[Records from a data collection]
☆ ☆ ☆ ☆
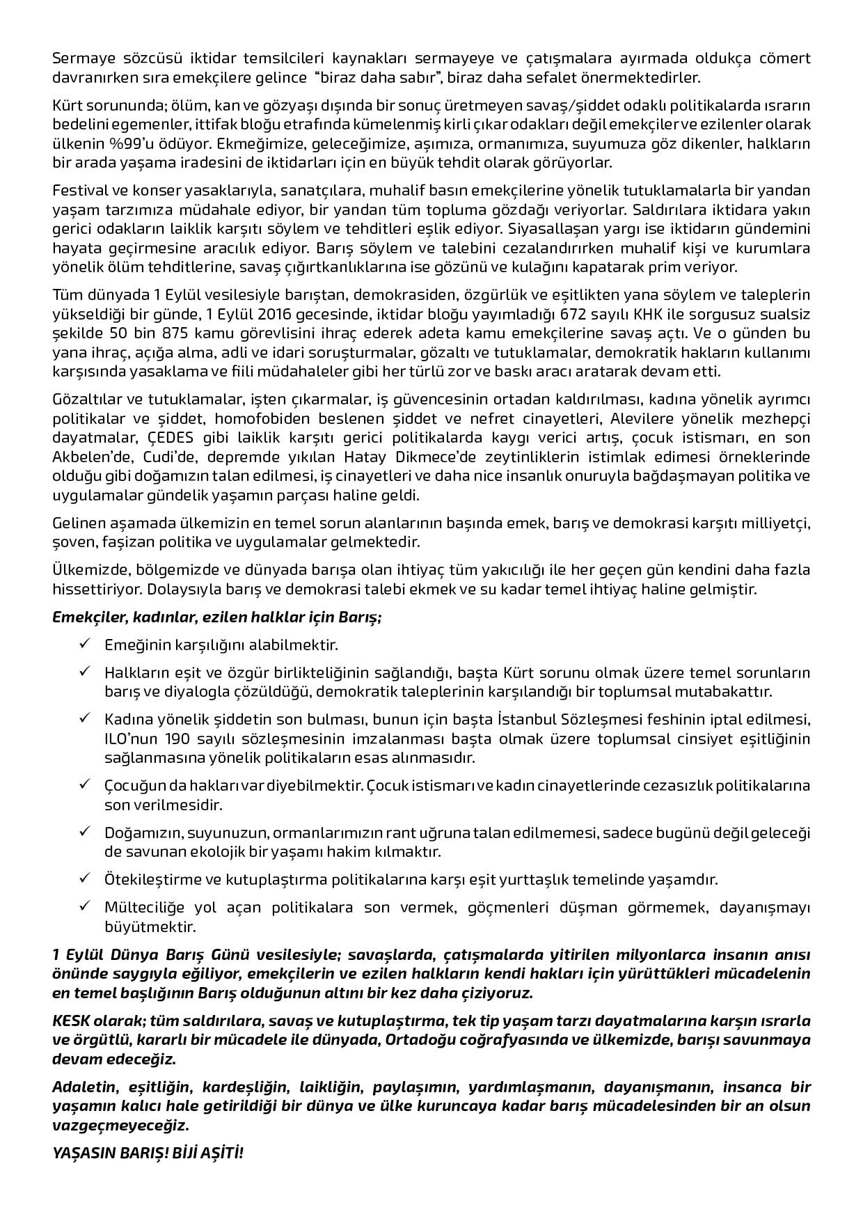 KESK olarak; tüm saldırılara, savaş ve kutuplaştırma, tek tip yaşam tarzı dayatmalarına karşın ısrarla ve örgütlü, kararlı bir mücadele ile dünyada, Ortadoğu coğrafyasında ve ülkemizde, barışı savunmaya devam edeceğiz.
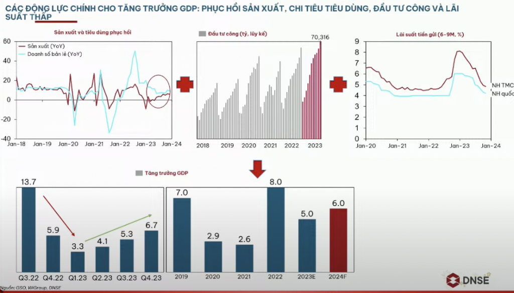 Với các động lực chính cho tăng trưởng GDP năm 2024 đến từ phục hồi sản xuất, chi tiêu tiêu dùng, đầu tư công và lãi suất thấp, chuyên gia DNSE kỳ vọng GDP năm 2024 tăng trưởng cao hơn năm 2023 ở mức 6%.
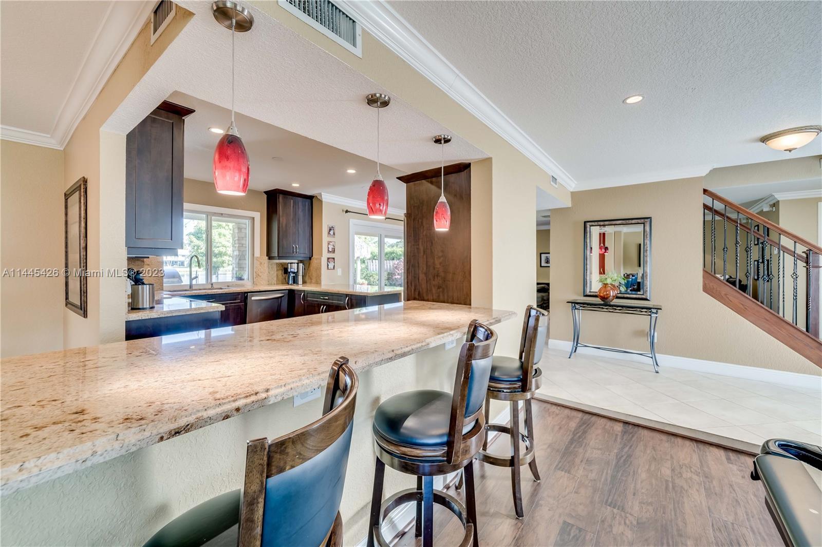 Welcome to Crossbow's most STUNNING Property! This 4 Bedroom 2.5 Bathroom 2 Story house has everything you could possibly want! INTERIOR FEATURES: Diagonal Tile & Wood 1st Floors•CUSTOM Granite & Stainless Kitchen w/OPEN Views to Sunken Living Room•Crowned Cabinets w/soft Close & Pot/Pan Drawers•Pass through to Outside Kitchen•LOADS of Recessed Lighting•Updated & Upgraded Bathroom Tiles/Vanities/Plumbing/Mirrors•6' Baseboards•Crown Moldings Throughout•Upstairs Bedrooms w/Wood Floors/Crown/6" Base•CUSTOM Master Suite w/Balcony Overlooking HUGE Lake/Tiki/Fenced CUSTOM Pavered YardMEXTERIOR FEATURES: IMPACT WINDOWS&DOORS•HUGE Tiki Hut w/TV & Electric•Fire Pit•Custom & Extensive Paver Work and Mortared Landscape Borders•Circular Drive•Gutters•Outside Shower•Tongue&Groove Covered Patio + MORE!
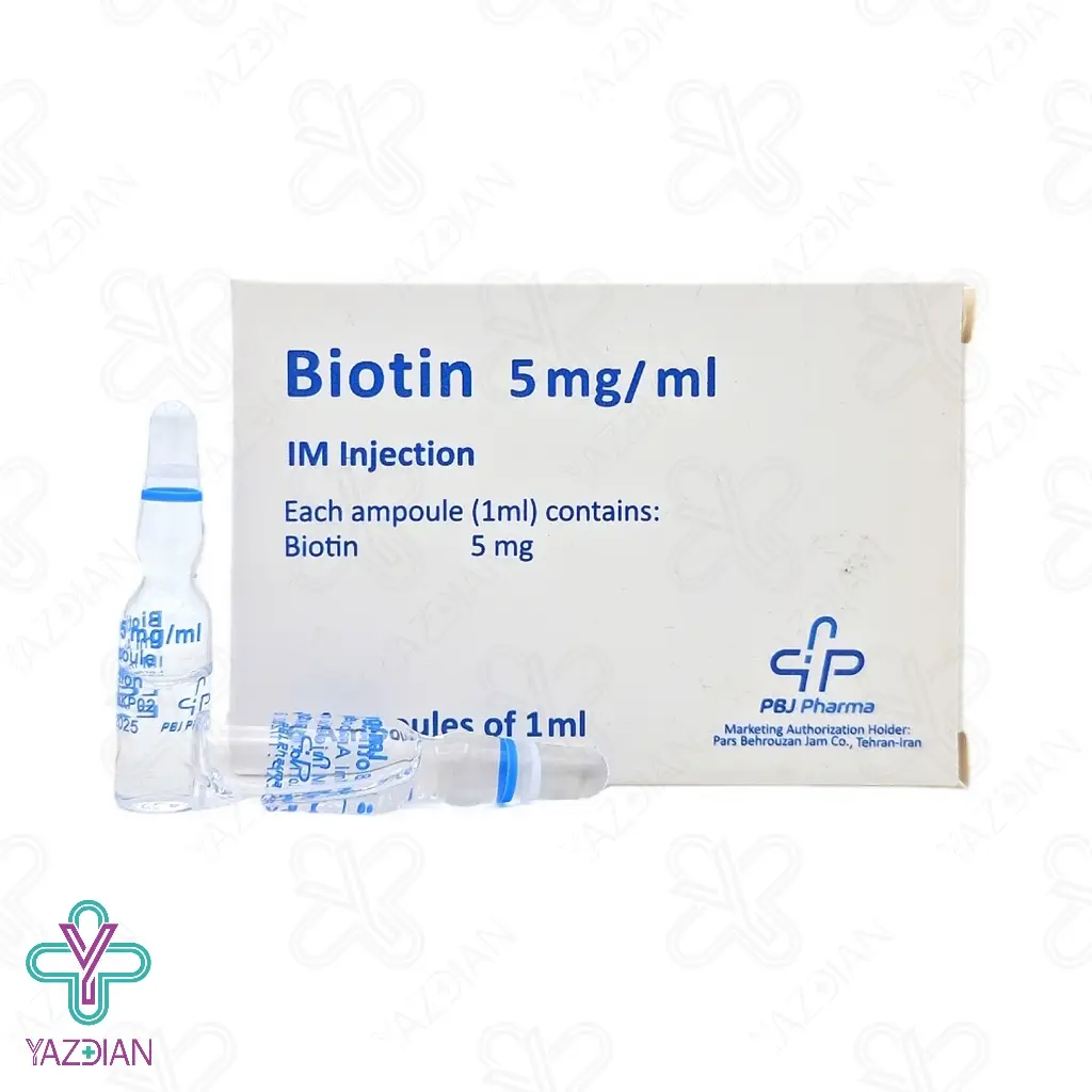 آمپول بیوتین حاوی دوز غلیظی از ویتامین بیوتین است. این آمپولها معمولا برای درمان کمبود شدید بیوتین در بدن تجویز میشوند. کمبود بیوتین میتواند باعث مشکلاتی مانند ریزش مو، خستگی، پوست خشک و شکننده شدن ناخنها شود.
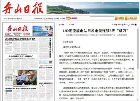 LHD 潮流能電站發(fā)電量突飛猛進(jìn)!位于舟山的 LHD 潮流能電站單日上網(wǎng)電量近期連續(xù)3天突破1萬千瓦時(shí),并創(chuàng)下了潮流能電站并網(wǎng)以來的發(fā)電量新高。截至8月15日,LHD 潮流能電站自運(yùn)行以來累計(jì)發(fā)電總量已超300萬千瓦時(shí)。LHD海洋潮流能發(fā)電項(xiàng)目由浙江民革黨員林東擔(dān)任總工程師,帶領(lǐng)研究團(tuán)隊(duì)歷經(jīng)十年成功研發(fā)。
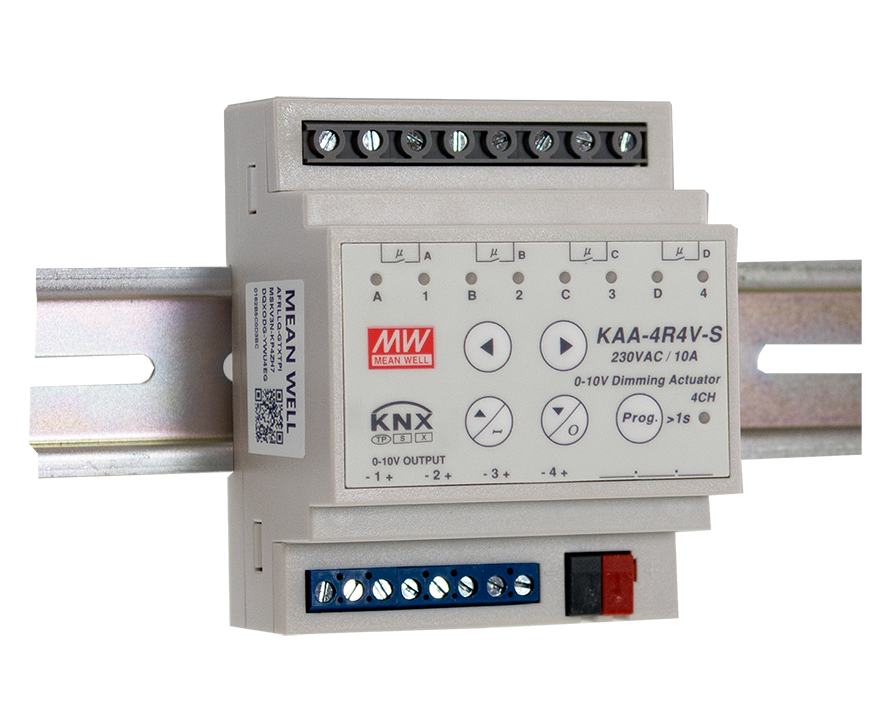 KAA-4R4V-S til MEAN WELLs KNX-system er en forbedring af den tidligere KAA-4R4V. Power Technic forhandler KAA-4R4V-S der supporterer KNX data sikkerhedsfunktion. Dermed beskyttes KAA-4R4V-S mod manipulation. Enheden kan konfigureres med ETS software.
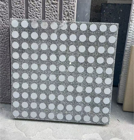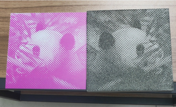 原理:將圖片處理后使用印刷設(shè)備印刷到 防水紙或膜上,其中印刷油墨中包含特殊的水泥緩凝劑,制成緩凝成像膜。再使用緩凝成像膜制作混凝土板,使得混凝土板上圖案區(qū)域骨料露出,與無圖案部分的水泥基色形成對比,產(chǎn)生圖案效果。圖案由圖案部分露出的骨料與無圖案部分正常水泥石的顏色色差對比形成。緩凝成像技術(shù)制成的圖像混凝土,圖案從任意角度觀察都清晰可見。
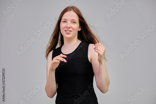 Photo portrait of a beautiful young pretty girl with dark red hair on a gray background in a black jacket. It stands directly in front of the camera in various poses, smiling, happy with life.
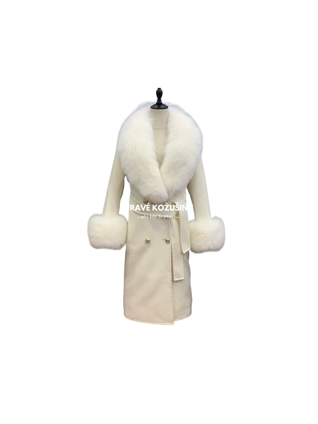 Golier a manžety sú z pravej líšky a sú odnímateľné.
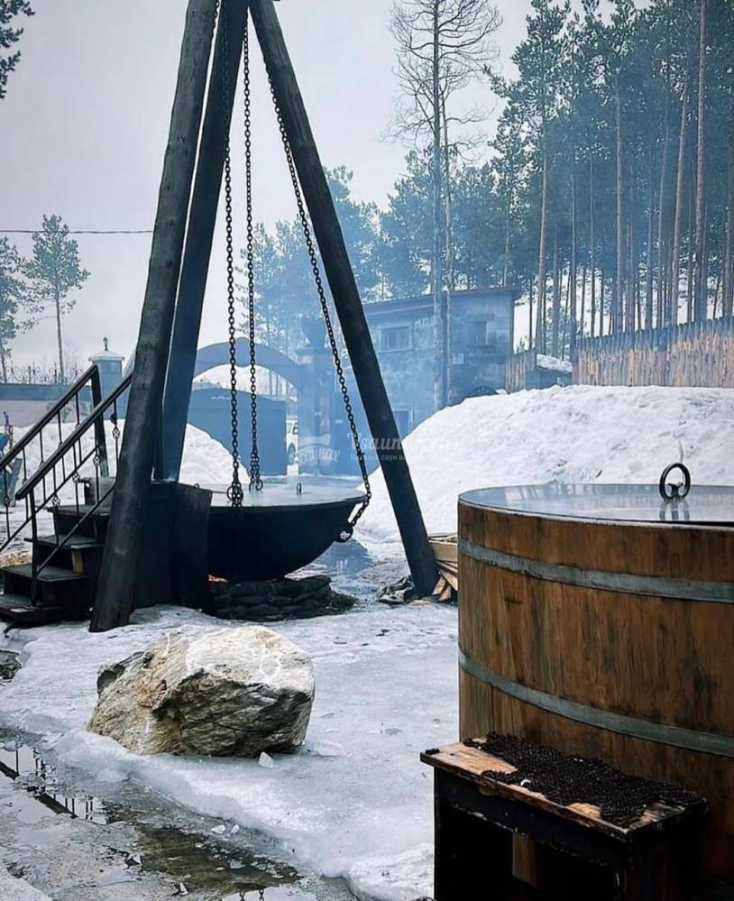 - Уличный чугунный чан (на 4 человека) Кедровая купель (на 4 человека)
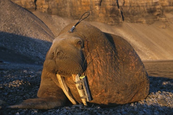 walruss tusk and the VHF transmitter is on its head. The walrus is still drowsy
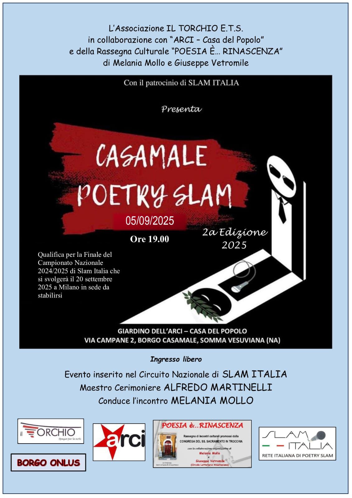 L’evento, con il patrocinio di Slam Italia, è organizzato in stretta collaborazione tra l’associazione “Il Torchio E.T.S.”, l’ARCI – Casa del Popolo di Somma Vesuviana, e la rassegna “Poesia è… Rinascenza” di Melania Mollo e Giuseppe Vetromile.
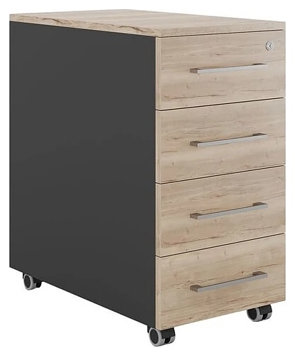 Мобильная тумба Кобор TМ4-40/70 black/natural используется совместно с офисными столами. Модель оснащена 4 выдвижными ящиками и 4 колесами. Корпус выполнен из ламинированной древесно-стружечной плиты (ЛДСП) цвета черный муар (RAL9005), столешница и ящики – из ЛДСП цвета натуральный дуб (H1180 ST37). Внимание! На фото аналогичная модель другого размера. Внимание! Информация о товарах, размещенная на сайте, не является публичной офертой, определяемой положениями Части 2 Статьи 437 Гражданского кодекса Российской Федерации. Производители вправе вносить изменения в технические характеристики, внешний вид и комплектацию товаров без предварительного уведомления. Уточняйте характеристики у наших менеджеров перед оформлением заказа. |
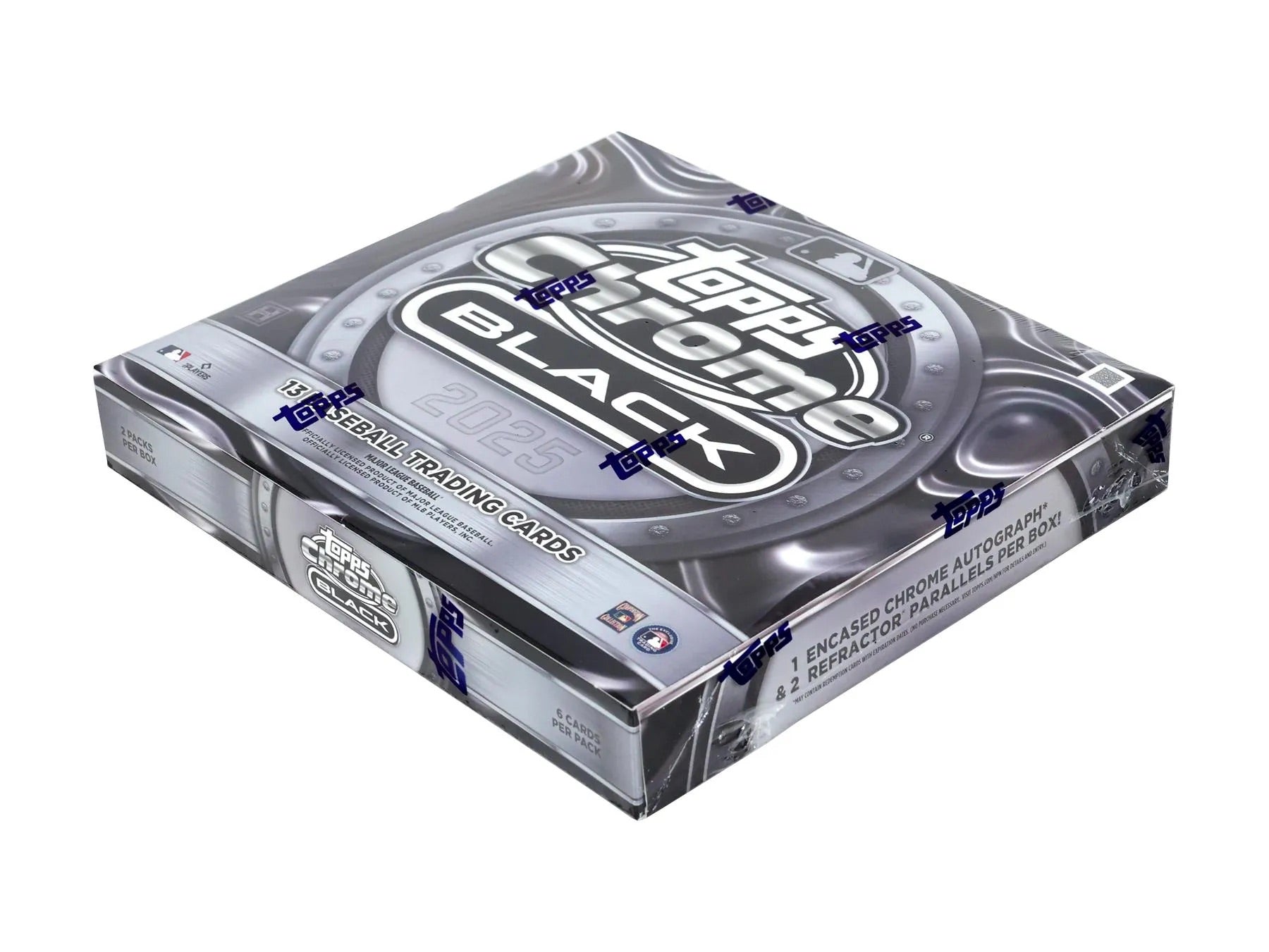 2025 Topps Chrome Black returns with sleek Chrome Black technology and striking on-card autographs! Look for new chase inserts like Hit the Lights and Nocturnal! Collect all 150 Base Set cards featuring the games brightest stars and rookies!
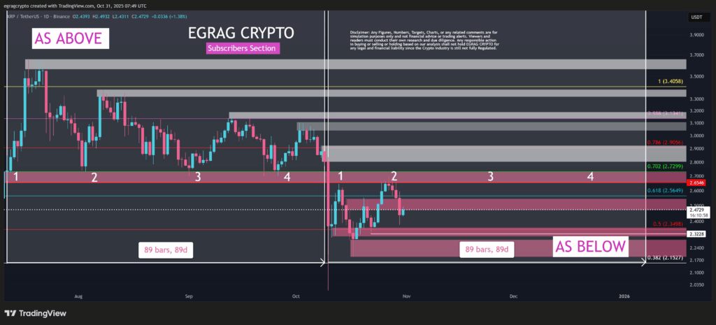 尽管ETF利好带来希望,分析师CRYPTOWZRD最新警告称,若2.46美元关键支撑位失守,XRP可能快速跌向2.2美元、2美元乃至1.5美元低位。
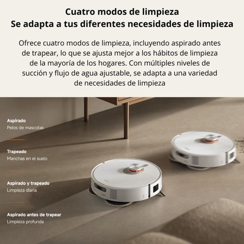 El ventilador de succión de 7000 Pa permite recoger eficazmente polvo, residuos y cabello. A través de la app es posible elegir entre cuatro niveles de succión según el tipo de superficie y el nivel de suciedad, logrando una limpieza precisa y adaptable.
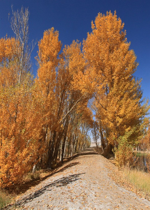 远远望去,在秋日的暖阳下,金灿灿的树叶给戈壁旷野带来了一片生机,增添了一道靓丽的景色。我情不自禁地脱口而出:哇,好美啊!看着那一排排身披“金色”秋装的白杨,直上云霄的挺立在旷野之中,感受它如今的冷清和依然孤立在戈壁的风景,体会它用独特的视角见证油田的发展,欣赏它不为孤独而枯萎的精神。这就是情人林,默默地坚守在高原油田的一方热土上。
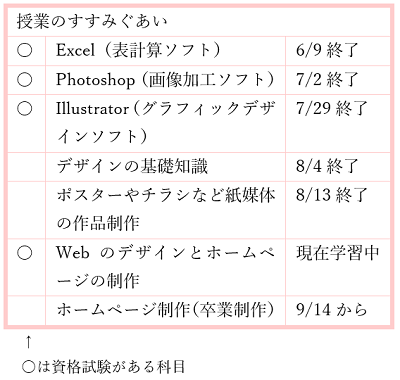 4月23日に修了したWeb&デザイン科の就職報告がまとまりました。終了3ヶ月就職率は68%、雇用保険適用就職率は64%です。それぞれが自分の生活にあった働き方を真剣に模索した結果です。厳しい社会情勢の中、ほんとうによくがんばったと思います。就職報告のなかに「就職したことはゴールではなくスタートなので、これからががんばりどころです」という報告もあり、こころから皆さんの活躍を応援したいと思います。
☆ ☆ ☆ ☆
WHAT IS NEEDED: Word for word, repeat each line of the records, and leave every image out.

RESPONSE TO THIS EXERCISE:
 KESK olarak; tüm saldırılara, savaş ve kutuplaştırma, tek tip yaşam tarzı dayatmalarına karşın ısrarla ve örgütlü, kararlı bir mücadele ile dünyada, Ortadoğu coğrafyasında ve ülkemizde, barışı savunmaya devam edeceğiz.
 Với các động lực chính cho tăng trưởng GDP năm 2024 đến từ phục hồi sản xuất, chi tiêu tiêu dùng, đầu tư công và lãi suất thấp, chuyên gia DNSE kỳ vọng GDP năm 2024 tăng trưởng cao hơn năm 2023 ở mức 6%.
 Welcome to Crossbow's most STUNNING Property! This 4 Bedroom 2.5 Bathroom 2 Story house has everything you could possibly want! INTERIOR FEATURES: Diagonal Tile & Wood 1st Floors•CUSTOM Granite & Stainless Kitchen w/OPEN Views to Sunken Living Room•Crowned Cabinets w/soft Close & Pot/Pan Drawers•Pass through to Outside Kitchen•LOADS of Recessed Lighting•Updated & Upgraded Bathroom Tiles/Vanities/Plumbing/Mirrors•6' Baseboards•Crown Moldings Throughout•Upstairs Bedrooms w/Wood Floors/Crown/6" Base•CUSTOM Master Suite w/Balcony Overlooking HUGE Lake/Tiki/Fenced CUSTOM Pavered YardMEXTERIOR FEATURES: IMPACT WINDOWS&DOORS•HUGE Tiki Hut w/TV & Electric•Fire Pit•Custom & Extensive Paver Work and Mortared Landscape Borders•Circular Drive•Gutters•Outside Shower•Tongue&Groove Covered Patio + MORE!
 آمپول بیوتین حاوی دوز غلیظی از ویتامین بیوتین است. این آمپولها معمولا برای درمان کمبود شدید بیوتین در بدن تجویز میشوند. کمبود بیوتین میتواند باعث مشکلاتی مانند ریزش مو، خستگی، پوست خشک و شکننده شدن ناخنها شود.
 LHD 潮流能電站發(fā)電量突飛猛進(jìn)!位于舟山的 LHD 潮流能電站單日上網(wǎng)電量近期連續(xù)3天突破1萬千瓦時(shí),并創(chuàng)下了潮流能電站并網(wǎng)以來的發(fā)電量新高。截至8月15日,LHD 潮流能電站自運(yùn)行以來累計(jì)發(fā)電總量已超300萬千瓦時(shí)。LHD海洋潮流能發(fā)電項(xiàng)目由浙江民革黨員林東擔(dān)任總工程師,帶領(lǐng)研究團(tuán)隊(duì)歷經(jīng)十年成功研發(fā)。
 KAA-4R4V-S til MEAN WELLs KNX-system er en forbedring af den tidligere KAA-4R4V. Power Technic forhandler KAA-4R4V-S der supporterer KNX data sikkerhedsfunktion. Dermed beskyttes KAA-4R4V-S mod manipulation. Enheden kan konfigureres med ETS software.
 原理:將圖片處理后使用印刷設(shè)備印刷到 防水紙或膜上,其中印刷油墨中包含特殊的水泥緩凝劑,制成緩凝成像膜。再使用緩凝成像膜制作混凝土板,使得混凝土板上圖案區(qū)域骨料露出,與無圖案部分的水泥基色形成對比,產(chǎn)生圖案效果。圖案由圖案部分露出的骨料與無圖案部分正常水泥石的顏色色差對比形成。緩凝成像技術(shù)制成的圖像混凝土,圖案從任意角度觀察都清晰可見。
 Photo portrait of a beautiful young pretty girl with dark red hair on a gray background in a black jacket. It stands directly in front of the camera in various poses, smiling, happy with life.
 Golier a manžety sú z pravej líšky a sú odnímateľné.
 - Уличный чугунный чан (на 4 человека) Кедровая купель (на 4 человека)
 walruss tusk and the VHF transmitter is on its head. The walrus is still drowsy
 L’evento, con il patrocinio di Slam Italia, è organizzato in stretta collaborazione tra l’associazione “Il Torchio E.T.S.”, l’ARCI – Casa del Popolo di Somma Vesuviana, e la rassegna “Poesia è… Rinascenza” di Melania Mollo e Giuseppe Vetromile.
 Мобильная тумба Кобор TМ4-40/70 black/natural используется совместно с офисными столами. Модель оснащена 4 выдвижными ящиками и 4 колесами. Корпус выполнен из ламинированной древесно-стружечной плиты (ЛДСП) цвета черный муар (RAL9005), столешница и ящики – из ЛДСП цвета натуральный дуб (H1180 ST37). Внимание! На фото аналогичная модель другого размера. Внимание! Информация о товарах, размещенная на сайте, не является публичной офертой, определяемой положениями Части 2 Статьи 437 Гражданского кодекса Российской Федерации. Производители вправе вносить изменения в технические характеристики, внешний вид и комплектацию товаров без предварительного уведомления. Уточняйте характеристики у наших менеджеров перед оформлением заказа. |
 2025 Topps Chrome Black returns with sleek Chrome Black technology and striking on-card autographs! Look for new chase inserts like Hit the Lights and Nocturnal! Collect all 150 Base Set cards featuring the games brightest stars and rookies!
 尽管ETF利好带来希望,分析师CRYPTOWZRD最新警告称,若2.46美元关键支撑位失守,XRP可能快速跌向2.2美元、2美元乃至1.5美元低位。
 El ventilador de succión de 7000 Pa permite recoger eficazmente polvo, residuos y cabello. A través de la app es posible elegir entre cuatro niveles de succión según el tipo de superficie y el nivel de suciedad, logrando una limpieza precisa y adaptable.
 远远望去,在秋日的暖阳下,金灿灿的树叶给戈壁旷野带来了一片生机,增添了一道靓丽的景色。我情不自禁地脱口而出:哇,好美啊!看着那一排排身披“金色”秋装的白杨,直上云霄的挺立在旷野之中,感受它如今的冷清和依然孤立在戈壁的风景,体会它用独特的视角见证油田的发展,欣赏它不为孤独而枯萎的精神。这就是情人林,默默地坚守在高原油田的一方热土上。
 4月23日に修了したWeb&デザイン科の就職報告がまとまりました。終了3ヶ月就職率は68%、雇用保険適用就職率は64%です。それぞれが自分の生活にあった働き方を真剣に模索した結果です。厳しい社会情勢の中、ほんとうによくがんばったと思います。就職報告のなかに「就職したことはゴールではなくスタートなので、これからががんばりどころです」という報告もあり、こころから皆さんの活躍を応援したいと思います。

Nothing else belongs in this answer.